Project responds to a recent phenomenon. The evolution of video game culture has undergone a huge growth due to advancement in technology and is currently one of the largest contributions to the entertainment industry. More importantly the cultivation of social gaming communities and human networks that derived from the internet and online games streaming has allowed video gaming experiences to be more collective than ever before.

In order to achieve this in motion capture stage sets, there are very specific decisions made in manipulating the topology of the space, positioning of the players, props, foreground, middle ground and background into creating multiple stages for constructing specific realities. Hence, as the culture of video games evolve as a response to the technology available, the building attaches itself to a technological site that is an ever changing platform; constantly alive and expanding; the mines of Kiruna, Sweden.

This behemoth of a landscape spans over 4 kilometers long and a depth of up to 2 kilometers. The continuous excavation of iron from the mine has physically reshaped the entire landscape which forms natural and artificial phenomenon such as massive sinkholes. The accumulation of mining waste over time then holds many opportunities to salvage it as a means to construct an assortment of temporary pneumatic spaces of different gamming realities that adapt and develop as the mine expands.

In the progression of gaming spatial chronology since the 1950s, it is evident here that video games now offer open world maps with a sense of exploration and challenges that can be completed in different orders. Hence, these temporary light weighted pneumatic structures are situated above and is responding to the continuous topography of mine landings and monstrous-sized sinkholes to create a variety of non-linear sequences into exploratory spaces throughout the architecture. The pneumatics surface will act as screens for augmented reality projections and an interactive membrane that can be manipulated by the players by using Kinect’s and gesture recognition.

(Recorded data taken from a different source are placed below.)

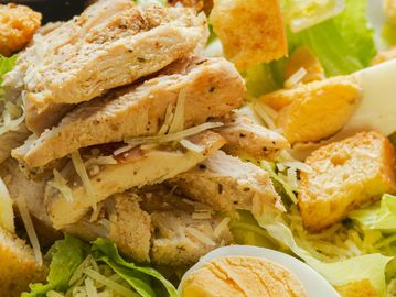 Lechuga, huevo cocido, crotones, queso parmesano y original aderezo césar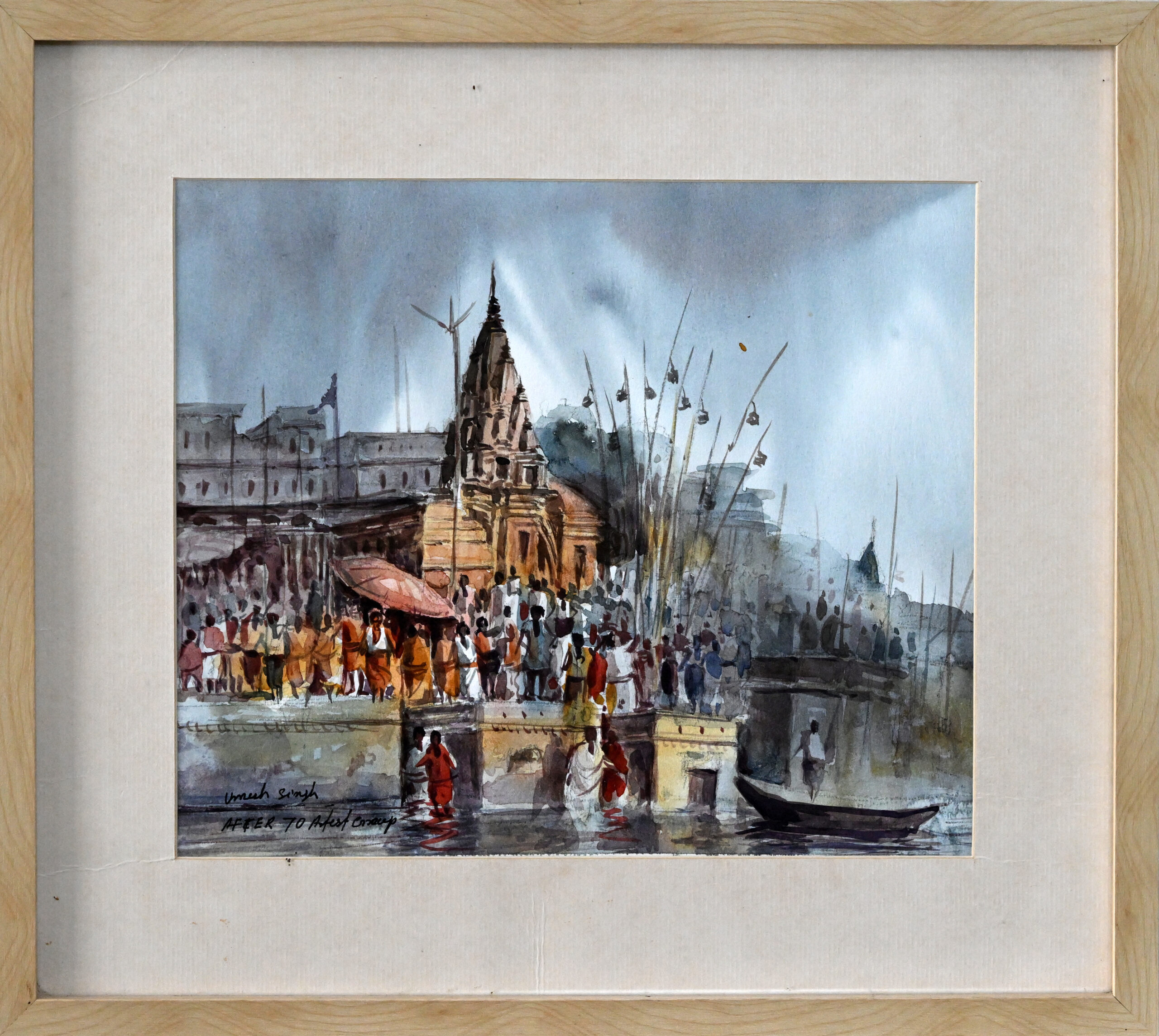 Vasudeo Kamath’s ink drawing unfolds like a visual meditation, where a stylized face emerges from the earth, entwined with birds and reaching hands. The elongated features and sparse lines evoke introspection, while the birds in flight suggest liberation, thought, and spiritual ascent. Each gesture and contour feels symbolic, bridging the human and the elemental in quiet harmony. It’s a contemplative composition—where stillness meets motion, and the soul communes with sky.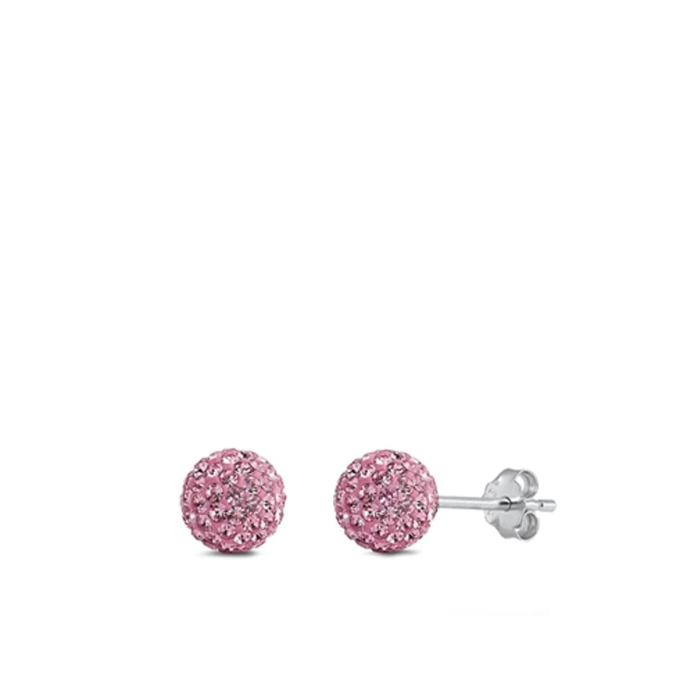 Sterling Silver High Polish Fashion Pink Rhinestone Ball Sphere Earrings 925 New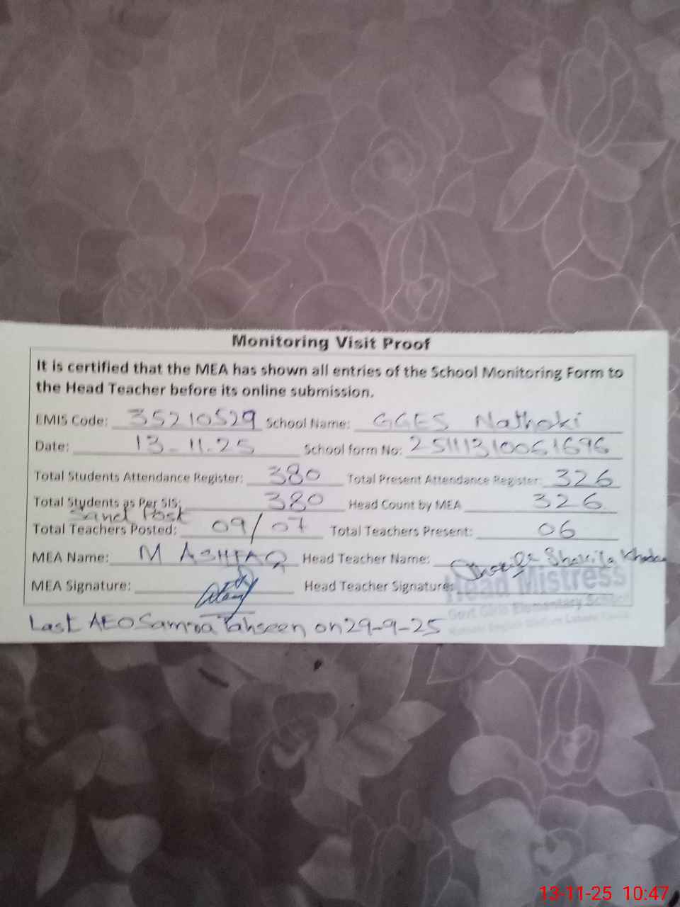 | Remarks (Use Separate Page if Required): Deputy DEO Cantt Javeeria visited on 21 October 25 No AEO visit in October 25 Last visit of AEO Samra Tehseen on 29 September 25 Teachers Sanctioned Post 09 Filled 07 35210529 | |||||
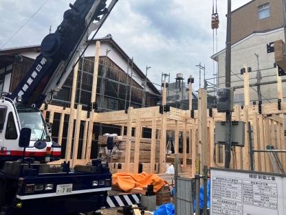 今日はSE構法建て方2件 ミニと3t 在来木造2件 ピタとミニ エレベータ鉄骨1件 コッチは16R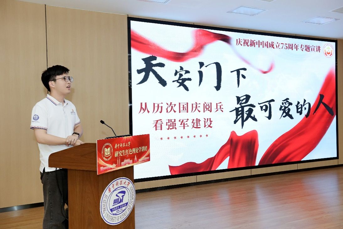 武汉大学学习习近平新时代中国特色社会主义思想博士生宣讲团何善平以《天安门下最可爱的人——从历次国庆阅兵看强军建设》为题,从新中国成立以来的15次国庆阅兵入手,讲述了我国国防和军队现代化建设过程中的巨大成就。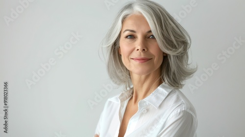 Confident beautiful mature business woman standing isolated on white background. Older senior businesswoman, 60s grey haired lady professional looking at camera, close up face headshot portrait.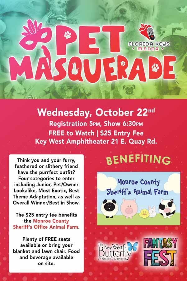 The 2025 Fantasy Fest Pet Masquerade is set for 6:30 p.m. Wednesday, Oct. 22 at the Coffee Butler Amphitheater. Registration begins at 5 p.m. and the $25 entry fee benefits the Sheriff’s Animal Farm.

During winter, the condition of constant darkness in Kiruna gives a sense of disorientation to time, and hence being completely immersed within the space. The proposal sets up a video game competition arena; creating an alternate environment for real-time strategy multiplayer online battles.

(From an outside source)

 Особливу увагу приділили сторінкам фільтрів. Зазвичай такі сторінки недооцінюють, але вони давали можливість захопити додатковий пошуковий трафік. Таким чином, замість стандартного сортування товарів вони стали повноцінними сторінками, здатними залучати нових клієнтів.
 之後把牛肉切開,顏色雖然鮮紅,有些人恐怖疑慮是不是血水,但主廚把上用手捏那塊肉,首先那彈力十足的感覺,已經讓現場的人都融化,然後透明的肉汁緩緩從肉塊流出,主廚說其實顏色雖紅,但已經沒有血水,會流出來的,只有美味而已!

With the increasing availability of online video streaming platforms, particularly Twitch.tv, and the unconscious collective nature of human interaction in gaming environments, the proposal will broadcast competitions worldwide while simultaneously assigning and connecting players through the intangible network to participant in a battle spectacle of collective intelligence. Players go from interacting in a virtual space-to watching others in virtual spaces-to playing using their bodies in a multiplayer arena-to engaging while watching another player’s view in the space within this overwhelming network of interfaces.

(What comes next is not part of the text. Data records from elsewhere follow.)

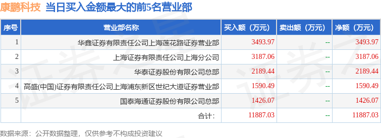 证券之星消息,沪深交易所2025年11月13日公布的交易公开信息显示,康鹏科技(688602)因有价格涨跌幅限制的日收盘价格涨幅达到15%的前五只证券登上龙虎榜。此次是近5个交易日内第1次上榜。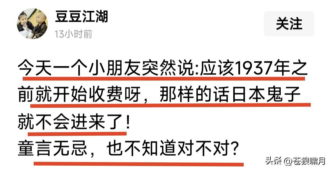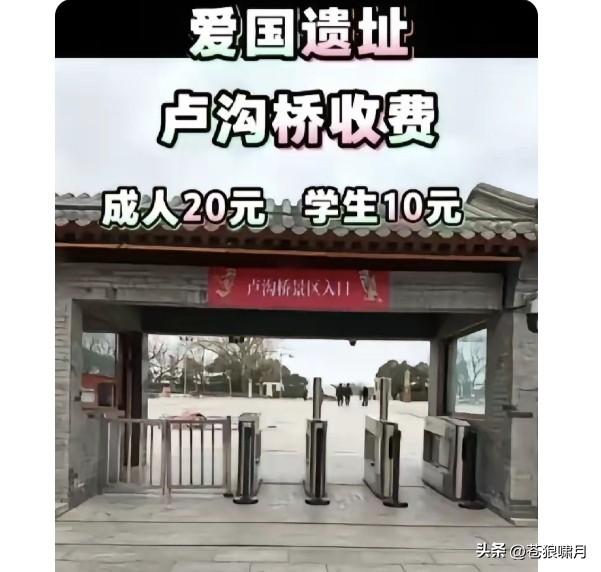 卢沟桥“景区”收费引争议!一小朋友质疑说:应该1937年前就收费,那样的话日本鬼子就不能进来了!网友评曰:童言无忌,不知孩子说的对不对? 我们都知道卢沟桥,是日寇正式入侵中国的开始!我们经常说的八年抗战,就是从1927年卢沟桥事变算起的!当然从9.18事变开始,就是抗战14年! 卢沟桥现在封闭,列为“风景区”管理,也是北京市被国家认定的“爱国教育基地”。问题是作为“爱国教育基地”,进门该不该收费?此事引发争议。 苍狼观点是:不管作为景区还是“爱国教育基地”,卢沟桥都需要管理维护! 这是一笔不小开支,国家可以包揽,但让游客掏一点,也激发爱国情怀?何况成人20元儿童10元,等于近无嘛! …………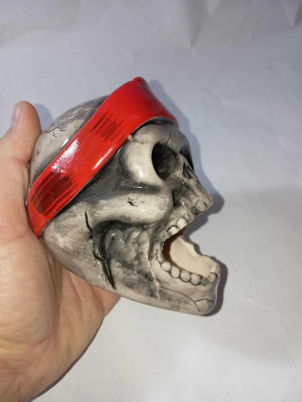 korsan tasarımlı seramik dekoratif bir kuru kafa dekoratif bir obje hem de küllük veya kalemlik olarak kullanılabilen çok amaçlı bir ürün El boyaması detaylara sahip, el işçiliği ile üretilmiş #tdkoleksiyonkurukafa #tdkoleksiyonkulluk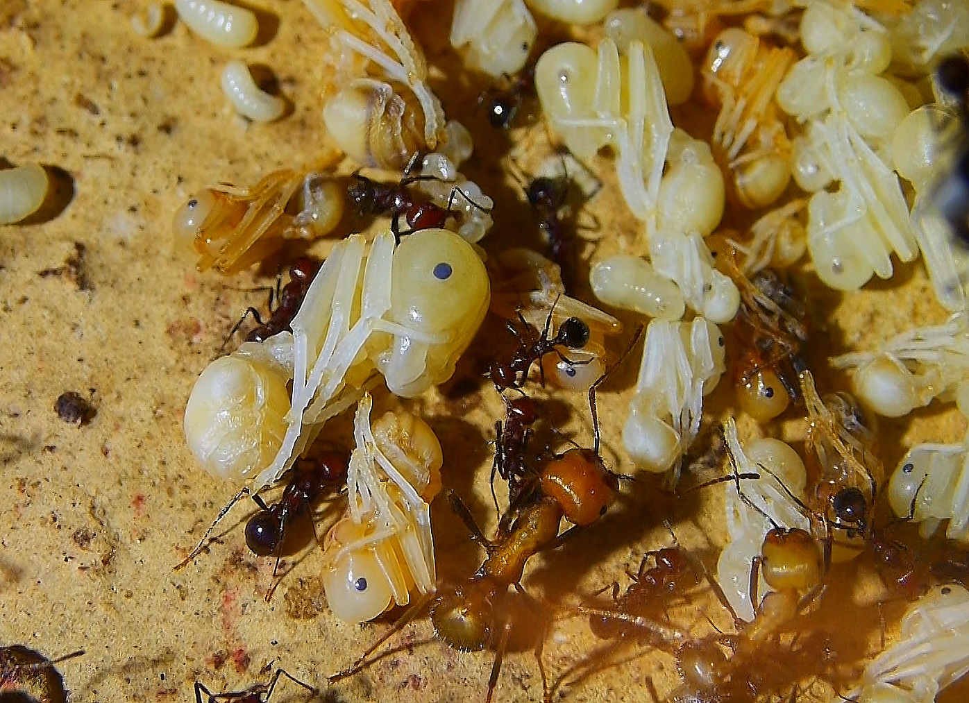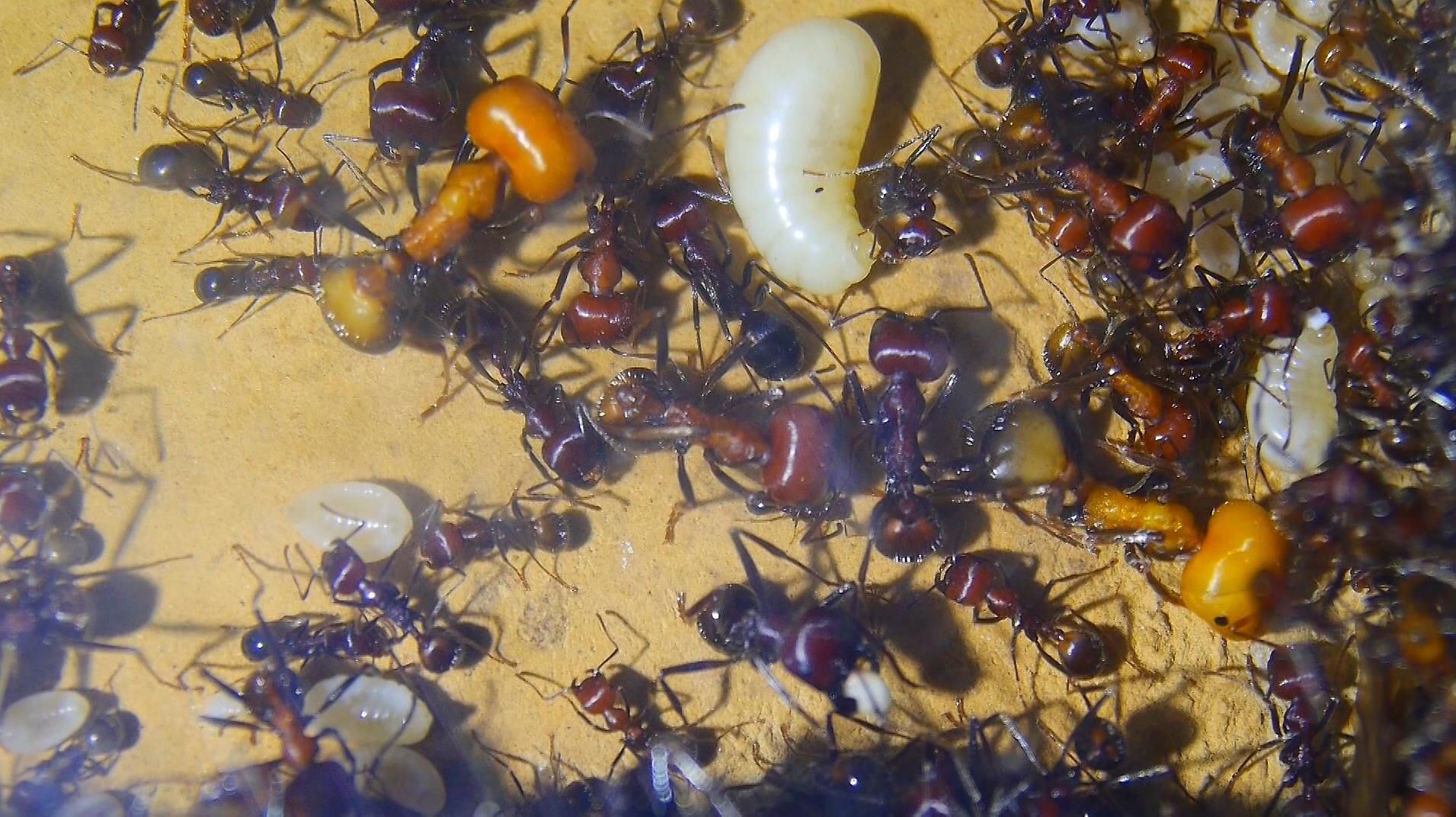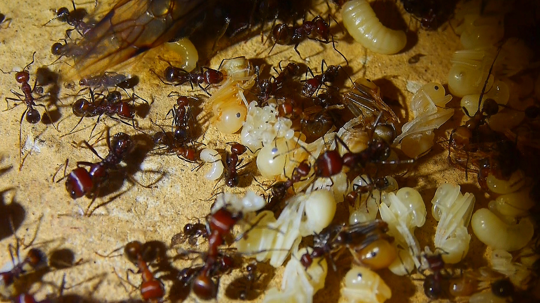 Mittlerweile gibt es unzähligeLarven , Puppen und eine erhöhte Anzahl an schlüpfenden Arbeiterinnen, ihr Nestbloch füllt sich wieder.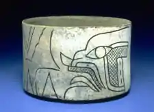 Tlapacoya was also a manufacturing center for so-called "Dragon Pots" (see photo below).[1] These flat-bottomed cylindrical bowls have white or buff surfaces incised with almost abstract Olmec-style drawings, generally of were-jaguars.

As technology progresses, so does the immersive level in video games in achieving hyperrealism, plus the capability understanding space through gaming interactions. From journeying from point A to B, capture/destroy, territorial control, race, collection, building and solving puzzles, different objectives in multiplayer games not only allow you to live out an alternate life, but also presents spatial cognitive challenges that encourage players to interact in many different ways to create publicness.

In the future as Kiruna Mines in Sweden expands, the building will continue to develop as a testimony to the evolution of both the gaming market and the gaming community. The project has the potential to exist in other location with similar extreme conditions and climates that is in a constant flux. Gamers, one thorn between an alternate reality through a screen and physical gatherings in convention centers, can now finally experience these spaces in unity. The proposal demonstrates that video games, striped to its essence, can be spatial through immersion and interactions of players and could possibly resonate with an audience that don’t really care about video games.